RAW DATA
=====

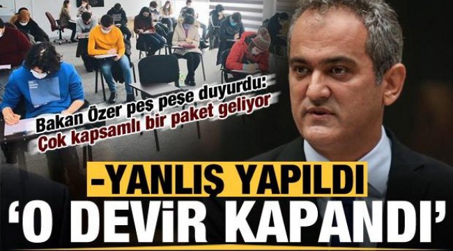 Millî Eğitim Bakanı Mahmut Özer “İnsanları tedirgin edecek adımlar atılmayacak” vurgusu yaparak eğitimde birçok kritik konuda önemli açıklamalarda bulundu. İstanbul’da eğitim editörleri ile bir araya gelen Bakan Özer ‘Eğitim yine mi değişti dedirtmeyecek’ bir dönemin başladığını ifade etti.“Sözlerle değil yapılan işlerle gündem olacağız” ifadelerini kullanan Özer’in açıklamaları özetle şöyle:* 4 temel konu üzerinde yoğunlaşacağım. Okul öncesine yatırım, imkân farklılıklarını kaldırmak, öğretmen eğitimi ve meslek lisesi... Eğer bunları çözersek sıkıntılar büyük oranda ortadan kalkar.* 5 yaşta okullaşma oranı yüzde 78. Ancak 3 yaş grubunda yüzde 14; 4 yaş grubunda ise yüzde 35’ler seviyesinde... 2022 sonuna kadar 3 yaş grubundaki okullaşma oranını %14’ten %50’ye, 4 yaştaki okullaşma oranını %35’ten %70’lere, 5 yaştaki okullaşma oranını ise %78’den %100’e çıkarmayı hedefliyoruz. 3 bin yeni anaokulu yapılacak, aynı proje ile 40 bin yeni ana sınıfı açılacak. Yapılacak atamalarımız bu rakamlara göre şekillenecek.ÖNCELİĞİMİZ YÜZ YÜZE EĞİTİMİ SÜRDÜRMEK
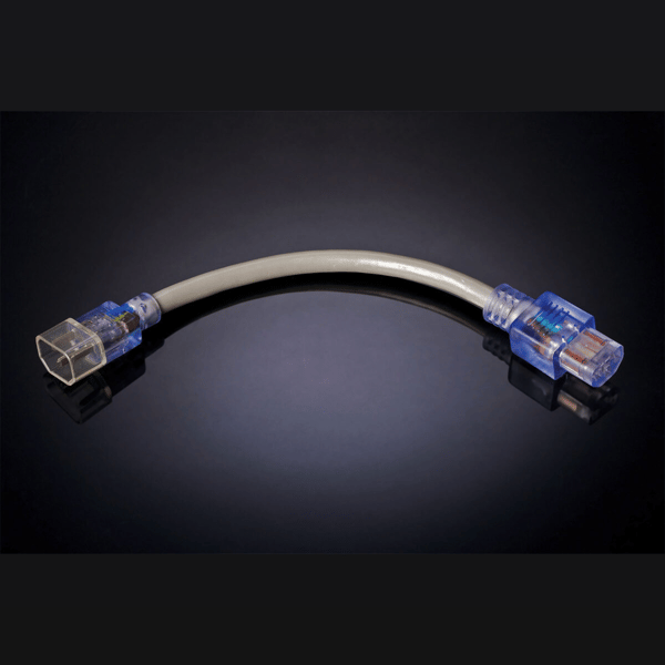 This is a short cable that allows a large high performance cable to be connected to electronics with oddly located inlets or difficult cable routing within cabinets.
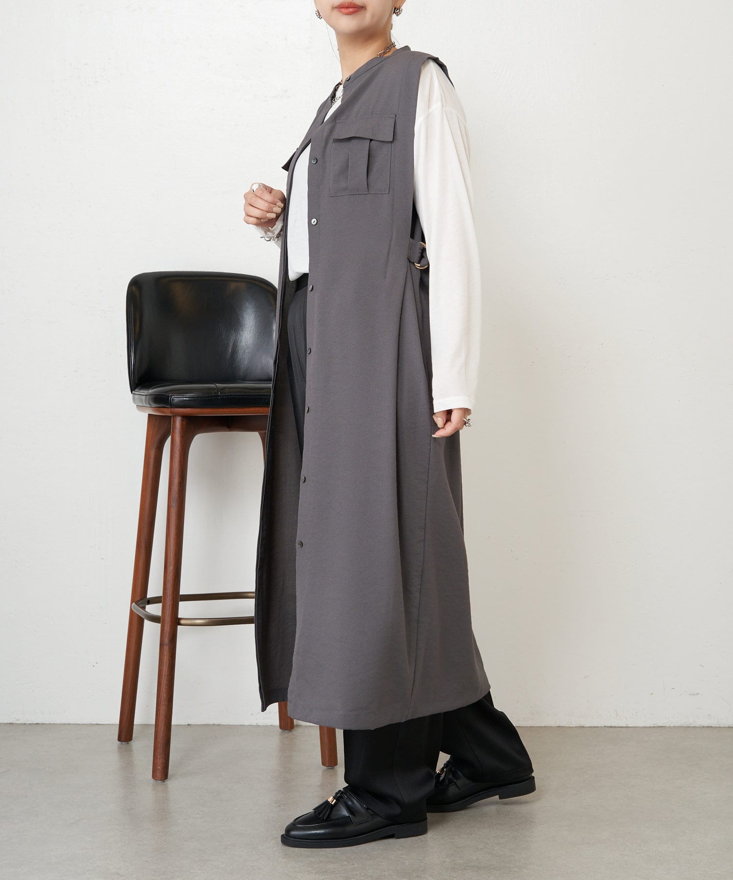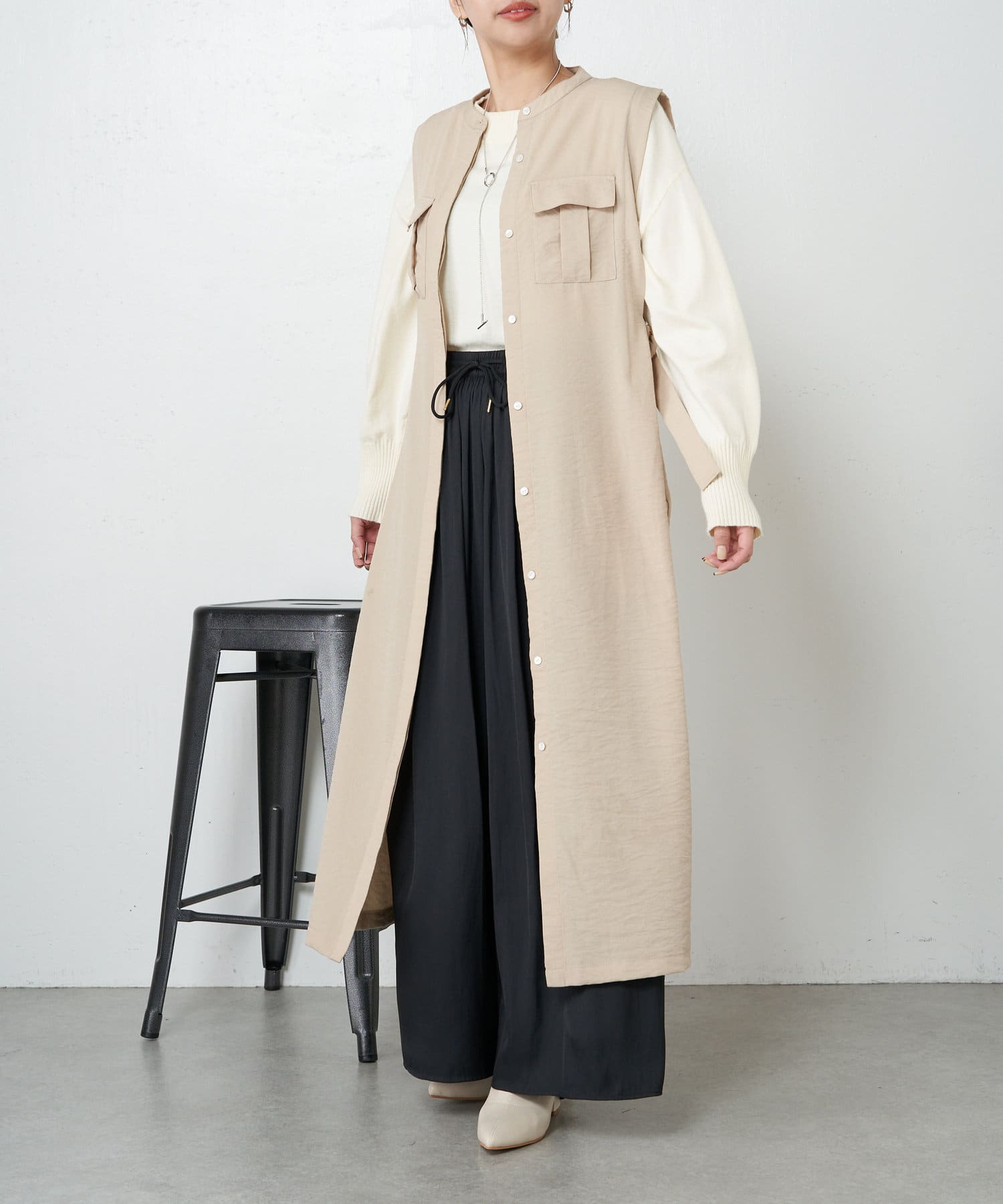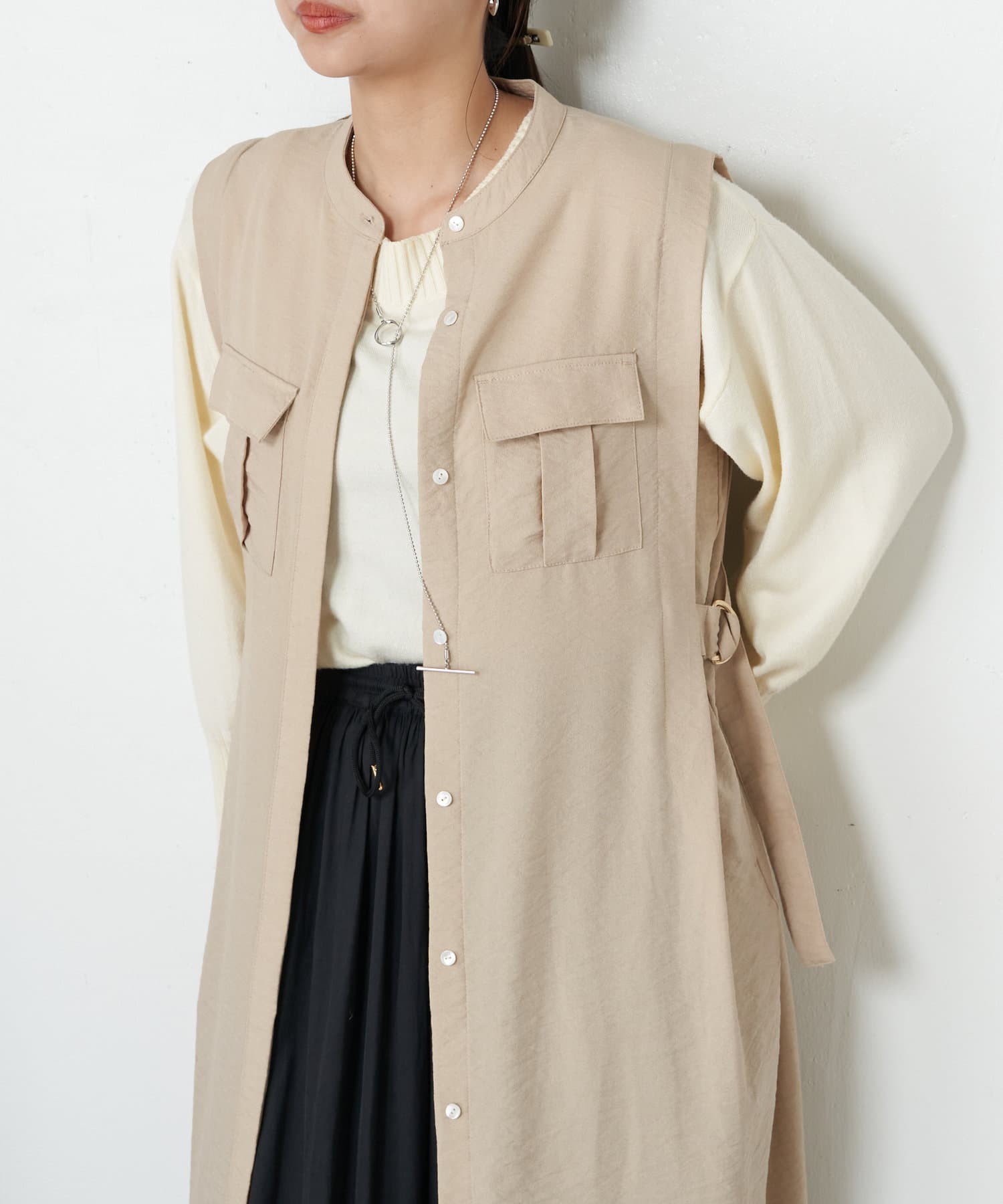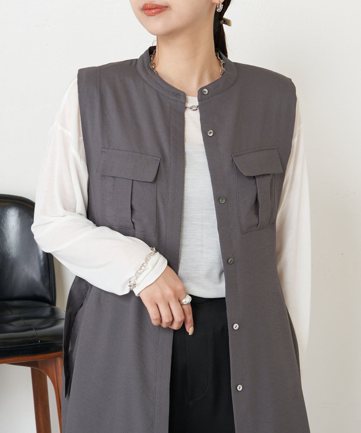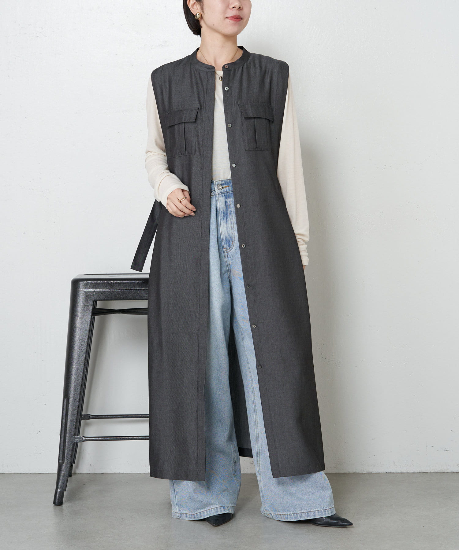 ・ジレとしてはもちろん、前を閉じてチュニック風に着用するのもおすすめ。

=====

Return the full set of lines above word for word and with no pictures.

 Millî Eğitim Bakanı Mahmut Özer “İnsanları tedirgin edecek adımlar atılmayacak” vurgusu yaparak eğitimde birçok kritik konuda önemli açıklamalarda bulundu. İstanbul’da eğitim editörleri ile bir araya gelen Bakan Özer ‘Eğitim yine mi değişti dedirtmeyecek’ bir dönemin başladığını ifade etti.“Sözlerle değil yapılan işlerle gündem olacağız” ifadelerini kullanan Özer’in açıklamaları özetle şöyle:* 4 temel konu üzerinde yoğunlaşacağım. Okul öncesine yatırım, imkân farklılıklarını kaldırmak, öğretmen eğitimi ve meslek lisesi... Eğer bunları çözersek sıkıntılar büyük oranda ortadan kalkar.* 5 yaşta okullaşma oranı yüzde 78. Ancak 3 yaş grubunda yüzde 14; 4 yaş grubunda ise yüzde 35’ler seviyesinde... 2022 sonuna kadar 3 yaş grubundaki okullaşma oranını %14’ten %50’ye, 4 yaştaki okullaşma oranını %35’ten %70’lere, 5 yaştaki okullaşma oranını ise %78’den %100’e çıkarmayı hedefliyoruz. 3 bin yeni anaokulu yapılacak, aynı proje ile 40 bin yeni ana sınıfı açılacak. Yapılacak atamalarımız bu rakamlara göre şekillenecek.ÖNCELİĞİMİZ YÜZ YÜZE EĞİTİMİ SÜRDÜRMEK
 This is a short cable that allows a large high performance cable to be connected to electronics with oddly located inlets or difficult cable routing within cabinets.
 ・ジレとしてはもちろん、前を閉じてチュニック風に着用するのもおすすめ。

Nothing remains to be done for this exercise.